**** Records provided
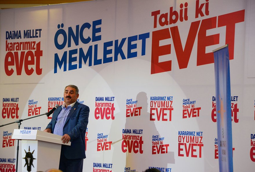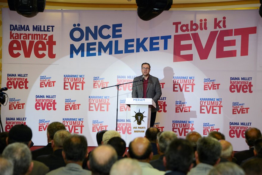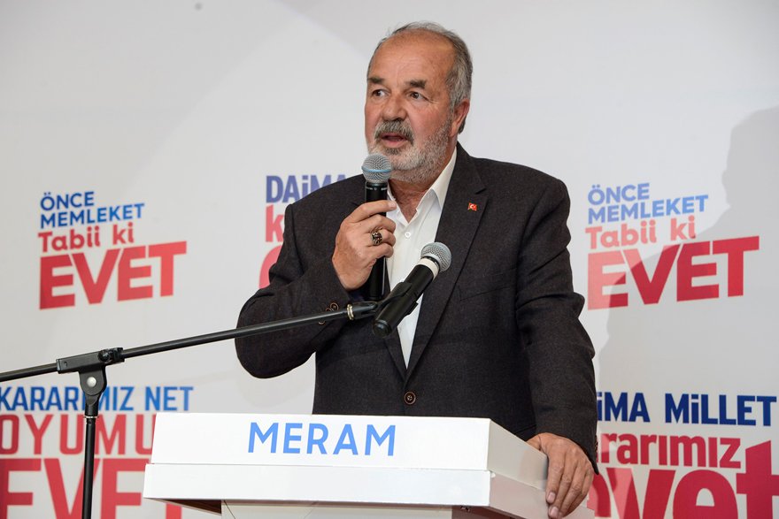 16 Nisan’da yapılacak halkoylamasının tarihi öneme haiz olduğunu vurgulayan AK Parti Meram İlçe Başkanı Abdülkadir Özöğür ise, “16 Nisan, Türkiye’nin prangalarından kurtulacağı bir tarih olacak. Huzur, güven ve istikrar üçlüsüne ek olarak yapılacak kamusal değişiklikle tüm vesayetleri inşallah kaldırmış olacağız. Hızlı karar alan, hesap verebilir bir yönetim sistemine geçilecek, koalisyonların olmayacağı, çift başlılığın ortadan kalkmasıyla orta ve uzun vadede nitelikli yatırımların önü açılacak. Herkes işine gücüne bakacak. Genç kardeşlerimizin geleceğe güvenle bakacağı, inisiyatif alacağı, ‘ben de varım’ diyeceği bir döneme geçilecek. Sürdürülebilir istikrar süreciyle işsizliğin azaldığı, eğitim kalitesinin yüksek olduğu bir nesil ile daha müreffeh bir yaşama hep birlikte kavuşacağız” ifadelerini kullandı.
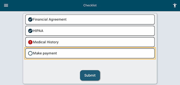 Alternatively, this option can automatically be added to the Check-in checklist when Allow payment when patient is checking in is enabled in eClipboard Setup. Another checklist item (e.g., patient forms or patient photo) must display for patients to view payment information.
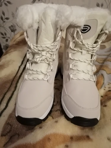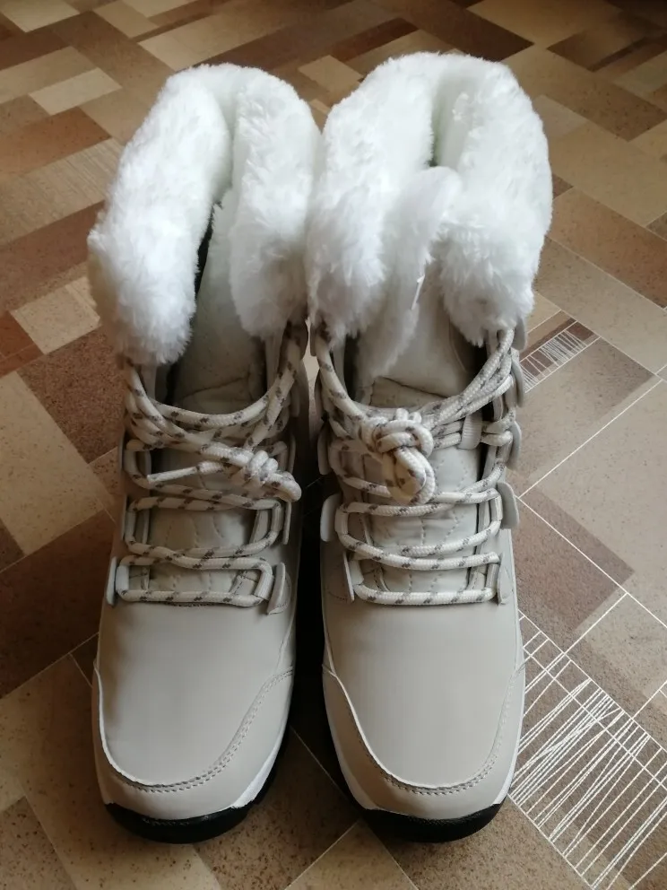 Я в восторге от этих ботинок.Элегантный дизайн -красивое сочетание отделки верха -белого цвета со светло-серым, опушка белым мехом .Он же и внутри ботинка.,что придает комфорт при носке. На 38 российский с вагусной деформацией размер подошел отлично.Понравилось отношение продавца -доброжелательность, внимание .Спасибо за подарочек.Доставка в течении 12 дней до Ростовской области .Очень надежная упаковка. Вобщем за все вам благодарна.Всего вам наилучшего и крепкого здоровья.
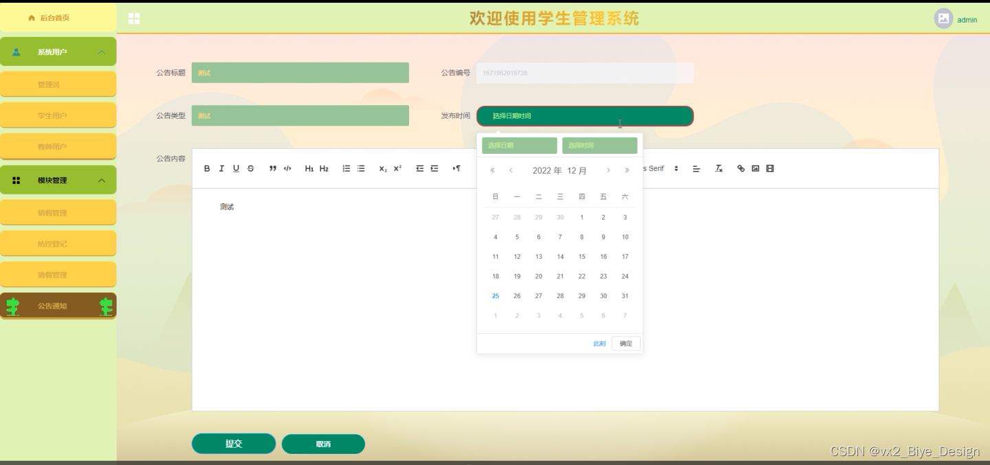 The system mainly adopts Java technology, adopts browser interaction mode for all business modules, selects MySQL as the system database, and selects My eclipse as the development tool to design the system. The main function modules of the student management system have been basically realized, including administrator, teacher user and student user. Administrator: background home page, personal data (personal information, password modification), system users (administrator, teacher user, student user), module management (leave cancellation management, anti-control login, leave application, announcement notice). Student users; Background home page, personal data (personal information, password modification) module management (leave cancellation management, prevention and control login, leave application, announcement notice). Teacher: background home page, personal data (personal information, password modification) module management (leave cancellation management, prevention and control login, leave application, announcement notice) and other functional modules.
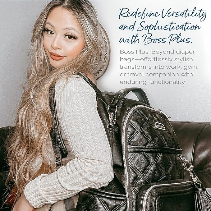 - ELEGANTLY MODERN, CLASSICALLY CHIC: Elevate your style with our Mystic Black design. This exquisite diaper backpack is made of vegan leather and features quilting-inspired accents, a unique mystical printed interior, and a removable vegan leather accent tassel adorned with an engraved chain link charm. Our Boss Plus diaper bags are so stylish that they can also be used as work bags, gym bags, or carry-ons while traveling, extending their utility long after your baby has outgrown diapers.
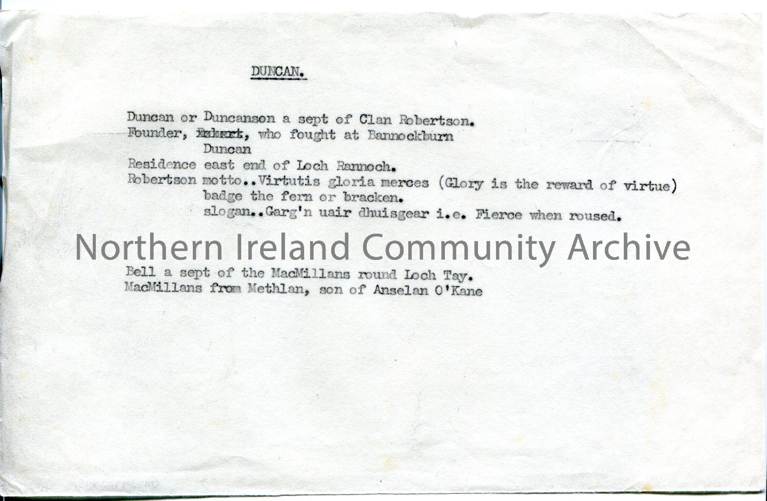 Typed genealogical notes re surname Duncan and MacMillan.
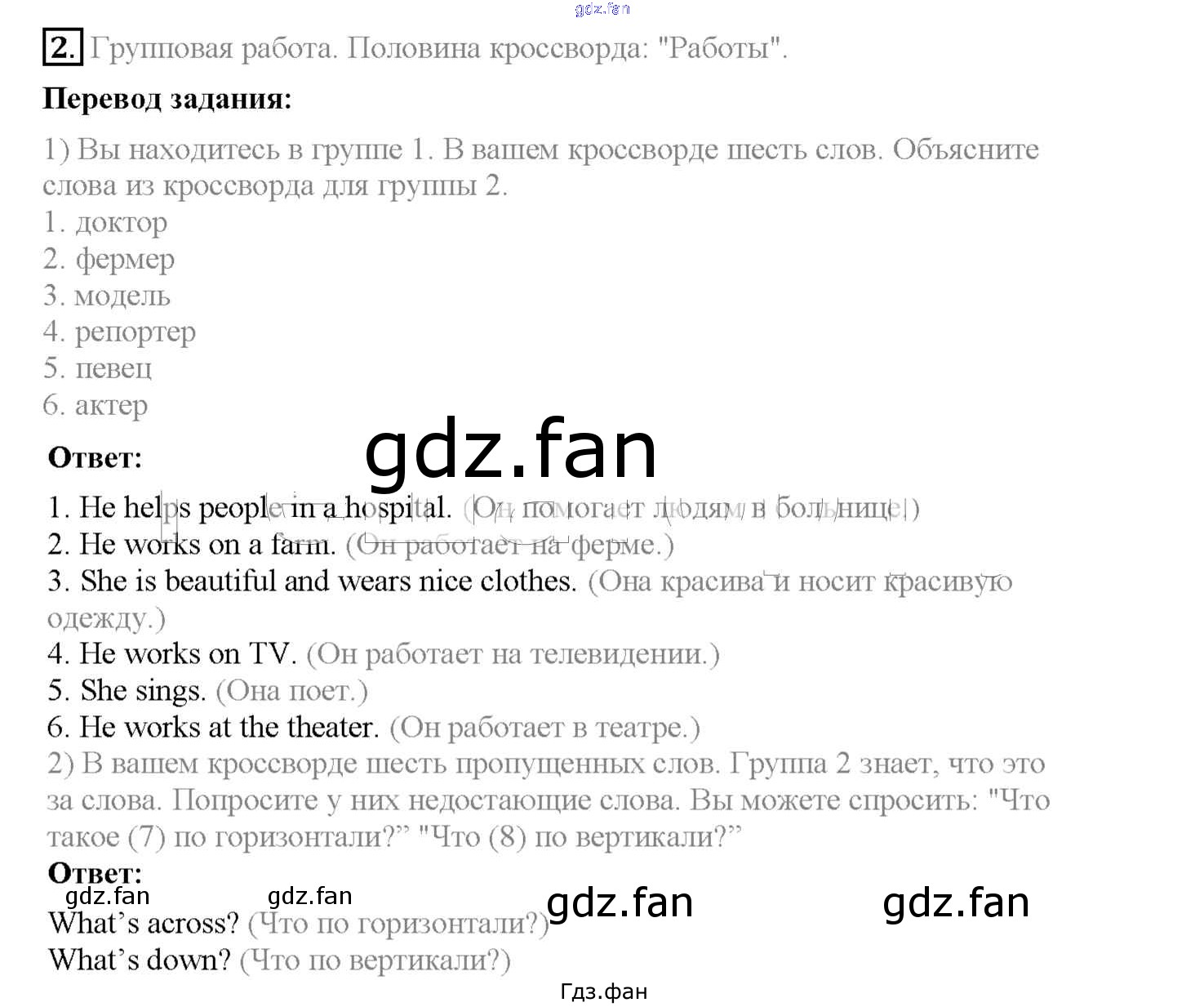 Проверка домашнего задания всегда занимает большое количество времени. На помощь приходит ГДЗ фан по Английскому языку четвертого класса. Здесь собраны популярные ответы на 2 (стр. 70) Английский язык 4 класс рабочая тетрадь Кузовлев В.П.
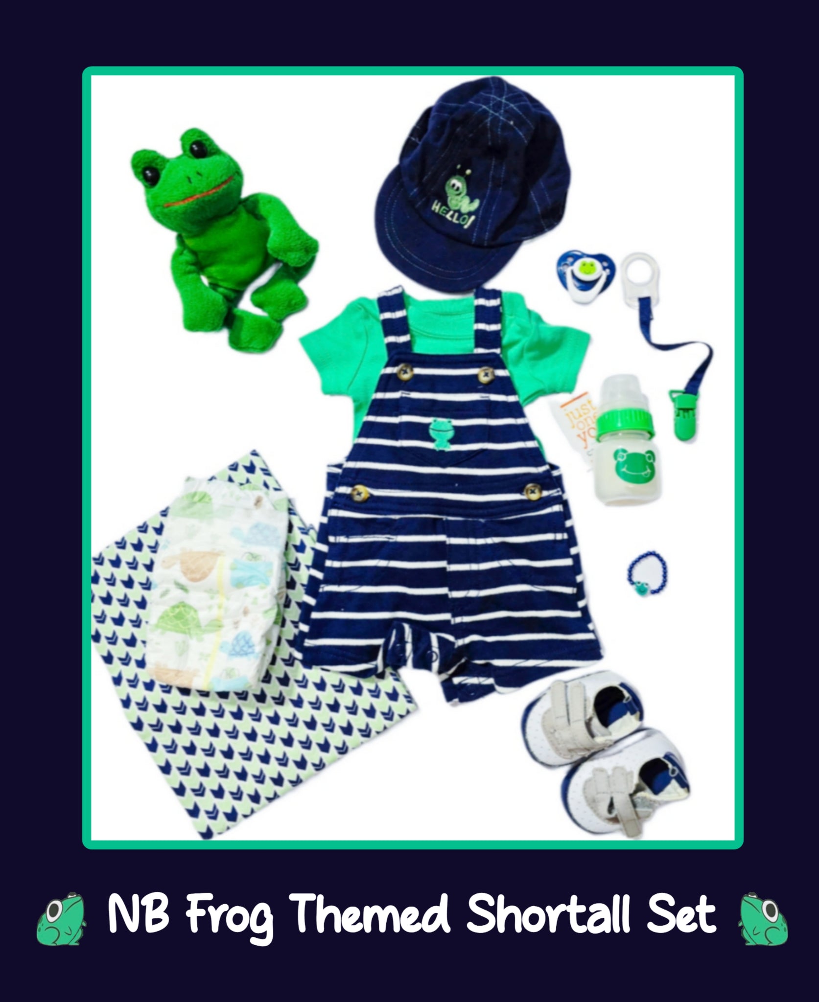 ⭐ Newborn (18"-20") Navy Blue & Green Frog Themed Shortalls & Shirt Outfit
********
▶ **Task**
The lines above must be transcribed exactly, with every picture left out.

▶ **Written reply**
 16 Nisan’da yapılacak halkoylamasının tarihi öneme haiz olduğunu vurgulayan AK Parti Meram İlçe Başkanı Abdülkadir Özöğür ise, “16 Nisan, Türkiye’nin prangalarından kurtulacağı bir tarih olacak. Huzur, güven ve istikrar üçlüsüne ek olarak yapılacak kamusal değişiklikle tüm vesayetleri inşallah kaldırmış olacağız. Hızlı karar alan, hesap verebilir bir yönetim sistemine geçilecek, koalisyonların olmayacağı, çift başlılığın ortadan kalkmasıyla orta ve uzun vadede nitelikli yatırımların önü açılacak. Herkes işine gücüne bakacak. Genç kardeşlerimizin geleceğe güvenle bakacağı, inisiyatif alacağı, ‘ben de varım’ diyeceği bir döneme geçilecek. Sürdürülebilir istikrar süreciyle işsizliğin azaldığı, eğitim kalitesinin yüksek olduğu bir nesil ile daha müreffeh bir yaşama hep birlikte kavuşacağız” ifadelerini kullandı.
 Alternatively, this option can automatically be added to the Check-in checklist when Allow payment when patient is checking in is enabled in eClipboard Setup. Another checklist item (e.g., patient forms or patient photo) must display for patients to view payment information.
 Я в восторге от этих ботинок.Элегантный дизайн -красивое сочетание отделки верха -белого цвета со светло-серым, опушка белым мехом .Он же и внутри ботинка.,что придает комфорт при носке. На 38 российский с вагусной деформацией размер подошел отлично.Понравилось отношение продавца -доброжелательность, внимание .Спасибо за подарочек.Доставка в течении 12 дней до Ростовской области .Очень надежная упаковка. Вобщем за все вам благодарна.Всего вам наилучшего и крепкого здоровья.
 The system mainly adopts Java technology, adopts browser interaction mode for all business modules, selects MySQL as the system database, and selects My eclipse as the development tool to design the system. The main function modules of the student management system have been basically realized, including administrator, teacher user and student user. Administrator: background home page, personal data (personal information, password modification), system users (administrator, teacher user, student user), module management (leave cancellation management, anti-control login, leave application, announcement notice). Student users; Background home page, personal data (personal information, password modification) module management (leave cancellation management, prevention and control login, leave application, announcement notice). Teacher: background home page, personal data (personal information, password modification) module management (leave cancellation management, prevention and control login, leave application, announcement notice) and other functional modules.
 - ELEGANTLY MODERN, CLASSICALLY CHIC: Elevate your style with our Mystic Black design. This exquisite diaper backpack is made of vegan leather and features quilting-inspired accents, a unique mystical printed interior, and a removable vegan leather accent tassel adorned with an engraved chain link charm. Our Boss Plus diaper bags are so stylish that they can also be used as work bags, gym bags, or carry-ons while traveling, extending their utility long after your baby has outgrown diapers.
 Typed genealogical notes re surname Duncan and MacMillan.
 Проверка домашнего задания всегда занимает большое количество времени. На помощь приходит ГДЗ фан по Английскому языку четвертого класса. Здесь собраны популярные ответы на 2 (стр. 70) Английский язык 4 класс рабочая тетрадь Кузовлев В.П.
 ⭐ Newborn (18"-20") Navy Blue & Green Frog Themed Shortalls & Shirt Outfit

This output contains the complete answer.